▸ AIM OF THE TASK
In the lines below, output everything from the first line through the line containing "平和セレモニーの様子です。み" exactly as it is. Pictures are not part of the output.

▸ SUPPLIED RECORDS
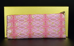 井手美弥子 佐賀錦 中紅花丸に幾何学模様(ペンケース)
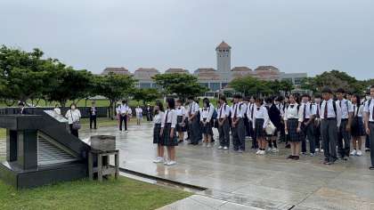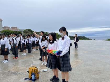 平和セレモニーの様子です。みんなで制作した千羽鶴を奉納しました。雨の上がった公園で、平和への思いを強くしました。
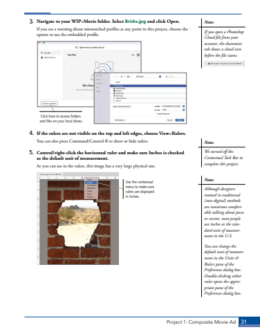 Project 1: Composite Movie Ad 313. Navigate to your WIP>Movie folder. Select Bricks.jpg and click Open.If you see a warning about mismatched profiles at any point in this project, choose the option to use the embedded profile.Click here to access folders and files on your local drives.4. If the rulers are not visible on the top and left edges, choose View>Rulers.You can also press Command/Control-R to show or hide rulers.5. Control/right-click the horizontal ruler and make sure Inches is checked as the default unit of measurement.As you can see in the rulers, this image has a very large physical size. Use the contextual menu to make sure rulers are displayed in Inches.Note:Although designers trained in traditional (non-digital) methods are sometimes comfortable talking about picas or ciceros, most people use inches as the standard unit of measurement in the U.S. You can change the default unit of measurement in the Units & Rulers pane of the Preferences dialog box. Double-clicking either ruler opens the appropriate pane of the Preferences dialog box.Note:We turned off the Contextual Task Bar to complete this project.Note:If you open a Photoshop Cloud file from your account, the document tab shows a cloud icon before the file name.
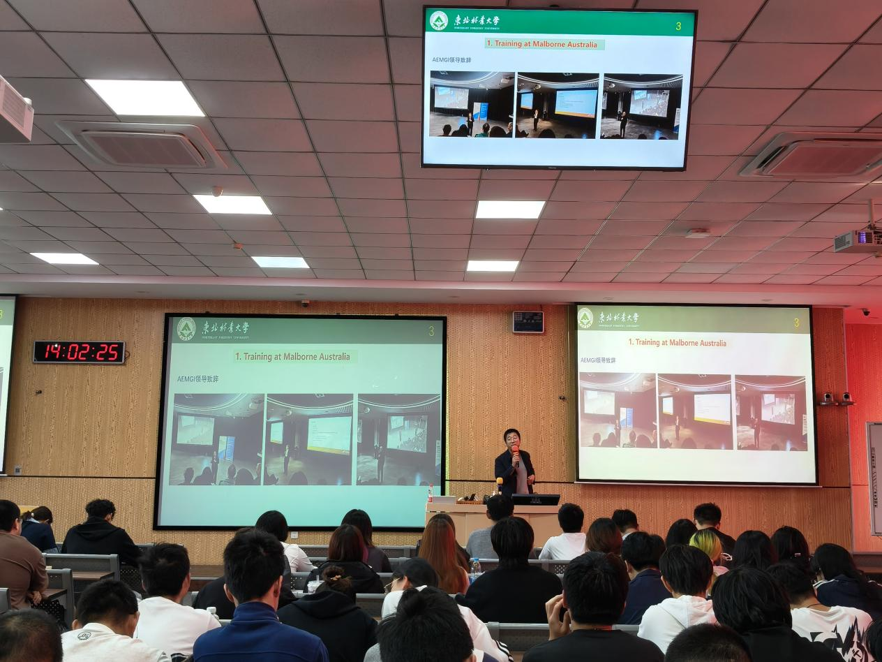 刘志国老师为奥林学院2023、2024级化学专业学生分享了在澳大利亚AIFE研究院的学习经历,指导学生分析英文摘要、讲解论文发表流程,最后分享奥大访学经历,展示课堂与实验室情况。
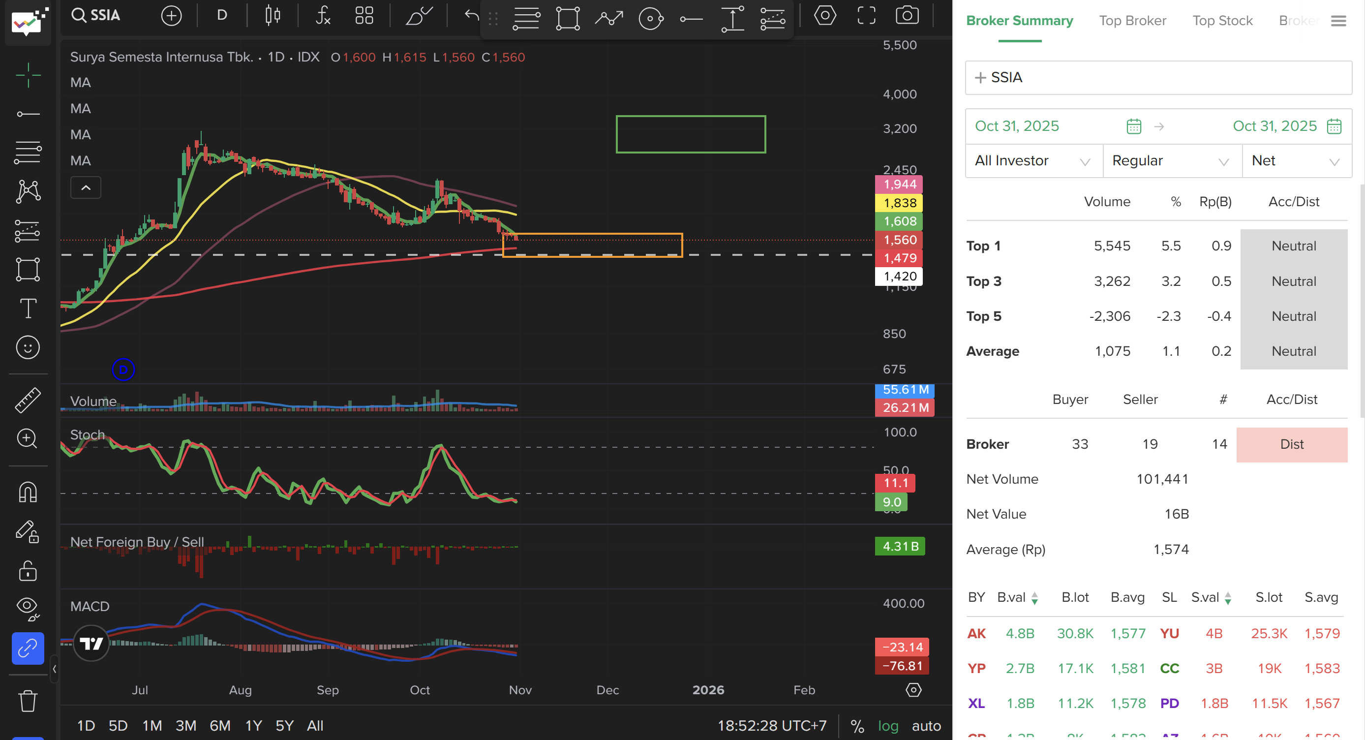 SSIA menunjukkan pola penurunan yang signifikan, dengan area support di sekitar 1.560 - 1.475 yang bisa menjadi level penting untuk mengamati kemungkinan pembalikan harga. Jika harga berhasil bertahan di atas area ini, potensi kenaikan menuju 1.835 atau 1.945 dapat terjadi, namun jika turun lebih jauh, bisa menguji level support berikutnya di 1.420. Indikator teknikal seperti stochastic dan MACD menunjukkan tren penurunan, meskipun volume perdagangan menunjukkan aktivitas yang cukup tinggi, yang berarti perlu perhatian lebih pada level support ini untuk mengonfirmasi arah pergerakan harga selanjutnya.

▸ OUTPUT FOR THIS TASK
 井手美弥子 佐賀錦 中紅花丸に幾何学模様(ペンケース)
 平和セレモニーの様子です。みんなで制作した千羽鶴を奉納しました。雨の上がった公園で、平和への思いを強くしました。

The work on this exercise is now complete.